The next day, Arthur tells Gertrude of Laura's intentions to use the note. Robert arrives, but Gertrude, Robert's sister Mabel, and Arthur convince him that Gertrude wrote the letter to Robert. Now willing to give up his position in society and live a private life with Gertrude, Robert is offered an important Cabinet position by Lord Caversham, Arthur's father, almost declining it out of love and penitence until Arthur convinces Gertrude to change his mind. Soon afterwards Arthur proposes to Mabel, but Robert refuses to give his permission for the marriage, assuming Arthur is still involved with Laura after finding her at Arthur's house. However, Gertrude reveals that Arthur had been expecting her, not Laura, thus the wedding goes ahead after all.

== Differences from play ==
The plot of the film differs from the original Wilde play in a number of key respects. The episode of Mrs. Cheveley's lost brooch (that can also be used as a bracelet) was removed, and the twists at the end are made more complex by the introduction of a bet between Lord Goring and Mrs Cheveley.

==Release==
Miramax Films picked up distribution rights to the film from Icon in North America, and through Miramax International in Spain and Italy.

==Reception==
The film received positive reviews from critics, including Roger Ebert, who awarded it 3 out of 4 stars. Owen Gleiberman of Entertainment Weekly wrote the film is "an enjoyable, minor, lustrously shot revamping of Oscar Wilde’s play about the perpetually interlocked manners of love and deception…Everett gets all the good lines, but he’s daring enough to deliver them gently, with a knowing touch of rue."
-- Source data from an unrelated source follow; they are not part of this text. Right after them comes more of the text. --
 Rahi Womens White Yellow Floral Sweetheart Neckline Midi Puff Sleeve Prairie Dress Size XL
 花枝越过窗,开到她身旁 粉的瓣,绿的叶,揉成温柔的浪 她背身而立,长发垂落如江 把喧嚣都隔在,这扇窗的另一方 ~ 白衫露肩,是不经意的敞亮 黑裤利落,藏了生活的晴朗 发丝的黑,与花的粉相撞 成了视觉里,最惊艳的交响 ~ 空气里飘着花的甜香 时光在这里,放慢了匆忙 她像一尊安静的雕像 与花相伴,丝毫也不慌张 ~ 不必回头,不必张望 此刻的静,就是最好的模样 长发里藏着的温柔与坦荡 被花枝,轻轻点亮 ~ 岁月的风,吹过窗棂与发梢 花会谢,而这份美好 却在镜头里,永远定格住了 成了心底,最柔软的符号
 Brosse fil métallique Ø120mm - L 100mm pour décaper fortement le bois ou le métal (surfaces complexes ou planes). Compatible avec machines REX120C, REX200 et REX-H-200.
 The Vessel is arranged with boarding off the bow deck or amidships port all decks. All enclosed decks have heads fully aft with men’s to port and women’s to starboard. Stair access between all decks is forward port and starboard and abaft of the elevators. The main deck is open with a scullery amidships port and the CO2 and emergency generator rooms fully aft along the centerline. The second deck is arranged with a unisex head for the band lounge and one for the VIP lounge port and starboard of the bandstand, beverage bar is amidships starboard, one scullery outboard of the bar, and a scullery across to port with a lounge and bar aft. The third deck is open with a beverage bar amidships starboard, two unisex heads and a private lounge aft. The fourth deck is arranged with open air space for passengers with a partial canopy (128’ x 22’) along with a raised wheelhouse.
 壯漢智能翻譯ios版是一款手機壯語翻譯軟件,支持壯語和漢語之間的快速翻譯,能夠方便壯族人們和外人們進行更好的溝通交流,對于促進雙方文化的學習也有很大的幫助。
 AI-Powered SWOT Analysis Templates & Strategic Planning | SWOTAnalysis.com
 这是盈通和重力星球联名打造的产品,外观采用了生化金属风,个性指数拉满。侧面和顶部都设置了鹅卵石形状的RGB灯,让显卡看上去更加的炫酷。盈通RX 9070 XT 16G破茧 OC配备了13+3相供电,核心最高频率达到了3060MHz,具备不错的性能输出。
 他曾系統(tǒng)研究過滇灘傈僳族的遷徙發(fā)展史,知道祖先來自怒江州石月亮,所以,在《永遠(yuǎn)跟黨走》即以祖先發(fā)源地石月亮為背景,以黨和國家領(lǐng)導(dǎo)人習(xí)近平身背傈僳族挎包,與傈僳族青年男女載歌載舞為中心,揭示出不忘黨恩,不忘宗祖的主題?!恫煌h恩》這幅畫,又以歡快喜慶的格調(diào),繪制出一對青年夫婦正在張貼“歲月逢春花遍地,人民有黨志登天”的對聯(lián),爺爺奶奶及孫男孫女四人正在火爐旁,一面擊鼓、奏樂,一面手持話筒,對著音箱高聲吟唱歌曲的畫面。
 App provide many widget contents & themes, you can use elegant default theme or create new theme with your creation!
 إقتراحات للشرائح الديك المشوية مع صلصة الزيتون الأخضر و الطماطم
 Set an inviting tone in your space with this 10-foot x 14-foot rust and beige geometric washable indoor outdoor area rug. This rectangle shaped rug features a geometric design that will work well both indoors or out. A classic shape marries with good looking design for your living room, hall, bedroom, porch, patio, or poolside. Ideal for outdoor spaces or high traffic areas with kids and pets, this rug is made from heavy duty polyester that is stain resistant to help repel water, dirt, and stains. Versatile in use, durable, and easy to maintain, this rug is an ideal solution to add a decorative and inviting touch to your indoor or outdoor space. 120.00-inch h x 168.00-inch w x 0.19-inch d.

Stephen Holden of The New York Times also reviewed the film positively, writing, "If An Ideal Husband transports us back to a world that seems more refined than ours, it also flatters us, as Wilde flattered the play's fin de siècle audience, by arriving at a plain-as-the-nose-on-your-face piece of wisdom that after all the preceding badinage may seem more profound than it really is. Hollywood couldn't come up with a tidier feel-good ending -- one that gets everybody off the hook -- than An Ideal Husbands concluding moral: Nobody's perfect."

On Rotten Tomatoes, An Ideal Husband has an approval rating of 85% based on 67 critics’ reviews. The site’s critics consensus reads, "Brevity is the soul of wit, eh? This adaptation gets to the nitty gritty of Wilde's stage piece and plays on eternal human foibles." Metacritic, which uses a weighted average, assigned the a score of 67 out of 100, based on 25 critics, indicating "generally favorable" reviews.
===Box office===
The film grossed £2.9 million ($4.8 million) in the United Kingdom and $18.5 million (£11.2 million) in the United States and Canada. Worldwide, the film grossed $31.3 million (£19.4 million).

===Awards===
Julianne Moore was nominated for the Chicago Film Critics Award for Best Supporting Actress, a Golden Globe Award for Best Actress in a Comedy or Musical, and a Golden Satellite Award for Best Actress in a Comedy or Musical. Moore won the National Board of Review Award for Best Supporting Actress for her performances in Magnolia, A Map of The World, and An Ideal Husband.

Everett received a Golden Globe nomination for Best Actor – Motion Picture Musical or Comedy.

The film was nominated for BAFTA awards in three categories: Oliver Parker for Best Adapted Screenplay, Caroline Harris for Best Costume Design, and Peter King for Best Make-up and Hair.